U.S. Court of Appeals for the First Circuit
Figueroa v. Garland, 119 F.4th 160 (1st Cir. 2024)

Figueroa v. Garland

Opinion

          United States Court of Appeals
                     For the First Circuit


No. 22-1272

                     JOSE MAURICIO FIGUEROA,

                           Petitioner,

                               v.

              MERRICK B. GARLAND, Attorney General,

                           Respondent.


               PETITION FOR REVIEW OF AN ORDER OF
                THE BOARD OF IMMIGRATION APPEALS


                             Before

                      Barron, Chief Judge,
               Howard and Gelpí, Circuit Judges.

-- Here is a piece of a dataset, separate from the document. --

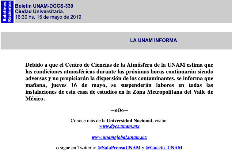 Durante la semana en la Ciudad de México se visto muy contaminada debido a los incendios que se han generado alrededor, es por esto que varias instituciones dieron a conocer que habrá suspensión de clases para el jueves 16 de mayo del 2019.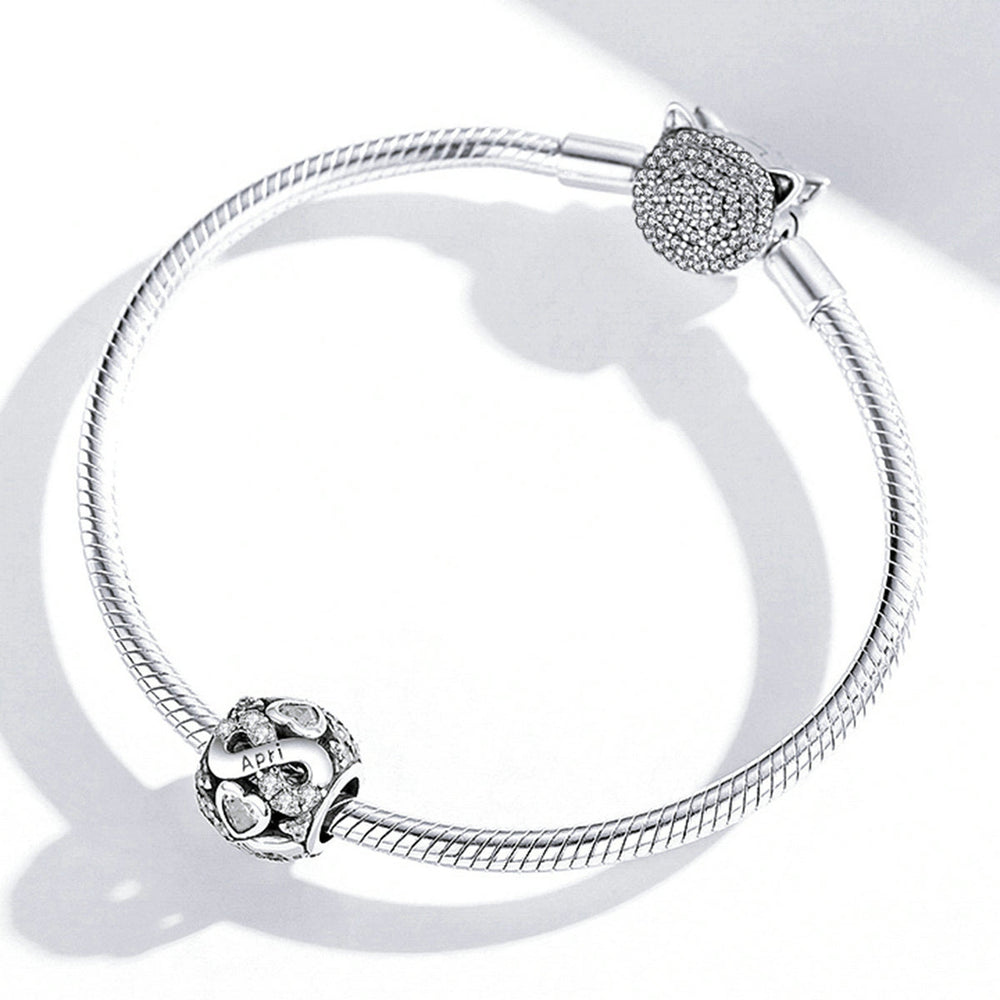 Embrace the everlasting beauty with our April Infinity Birthstone Charm. Adorned with sparkling white cubic zirconias, with an infinity loop and heart design. It's a timeless charm that represents infinite love and endless possibilities. Featuring the birthstone for April, it's the perfect addition to your charm collection. Elevate your style with this luxurious charm.

    Robert M. Warren for petitioner.

     Timothy Bo Stanton, Trial Attorney, Office of Immigration
Litigation, Civil Division, U.S. Department of Justice, with whom
Brian M. Boynton, Principal Deputy Assistant Attorney General,
Civil Division, and Anthony P. Nicastro, Assistant Director,
Office of Immigration Litigation, were on brief, for respondent.

     Cody Wofsy, Hannah Schoen, Lee Gelernt, Matthew R. Segal,
Adriana Lafaille, Gilles Bissonnette, and SangYeob Kim, were on
brief for the American Civil Liberties Union Foundation, American
Civil Liberties Union of New Hampshire, and American Civil
Liberties Union of Massachusetts, amici curiae.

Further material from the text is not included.